Yes , I am still in a bit of shock that I admitted to the spanx thing. Oh well, it is the truth.
SO guys, I would like to up the ante on our #KeepingItReal posts. I want you all to summon the courage to not only admit what makes you completely real, but also what makes you completely extraordinary! You are NOT ALLOWED to feel bad at anyone else’s extraordinary, because you have your OWN! This world would be a very boring place without you, and every single talent and gift is needed. And so help me, if you try to tell me that there is nothing you can do, you have no talents, or you are not extraordinary- I may have to drive to your house and smack you. ( In a completely loving way, of course.) Because you DO! We ALL do! Whether you are exceptional with children, patient, loving, a good friend or a superstar- not one of these is more valuable than the other. The world may say they are not equal- but the world is wrong, wrong, wrong! Where would we be without fantastic mothers? Without great friends? Without chefs or singers? Every single one of you is special in your own right and I want you to recognize it. And then I want you to recognize, that it is ok to not be someone else.

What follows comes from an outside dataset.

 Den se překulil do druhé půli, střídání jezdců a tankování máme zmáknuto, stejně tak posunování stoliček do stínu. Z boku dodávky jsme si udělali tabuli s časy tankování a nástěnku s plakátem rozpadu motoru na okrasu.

Here is me in a nutshell. I am a very talented singer (yes, I had a hard time adding the “very” to that. It is just not natural yet.) I am a great teacher. I am a good- soon to be great-author. I have an AMAZING marriage. I have smart, beautiful kids. I have a wonderful life that is full of more blessings than I think I deserve. I can cook- pretty darn well too. I am intelligent. I am very sensitive to others emotions and can often read people and situations. I think I have very nice eyes. I have a good work ethic and work hard at what I do.

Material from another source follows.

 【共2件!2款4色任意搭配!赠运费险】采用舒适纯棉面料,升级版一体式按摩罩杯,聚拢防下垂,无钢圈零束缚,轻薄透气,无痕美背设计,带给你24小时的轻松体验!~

I also can’t do everything- my plate is full. My car is scary, crumbs have overtaken the back seat. My bedroom is often in a state of chaos because it is the last room I get to, therefore I do not get to it. I can not draw a straight line (not kidding) and any artistic discipline is out of the question for me. I yell at my kids sometimes. My laundry does not get done until the kids are out of clothes- period. Mopping is really more optional in my mind than a necessity. And often, I leave ridiculous things, (like old Pepsi bottles) lying in strange places because I am just too dang tired. I work the equivalent of four jobs, something has to give somewhere. And although sometimes these things bother me, the truth is, I am not perfect and I simply can not do it all. There is not enough time in the day or strength in my body, and that is ok. Because what I do, I do well. And that makes me real AND awesome, all in one neat Spanx filled package. (Nice visual, eh?)
What do you say guys? Can we do it? Can we truly keep it real by being extraordinary and normal all in one wonderful confession?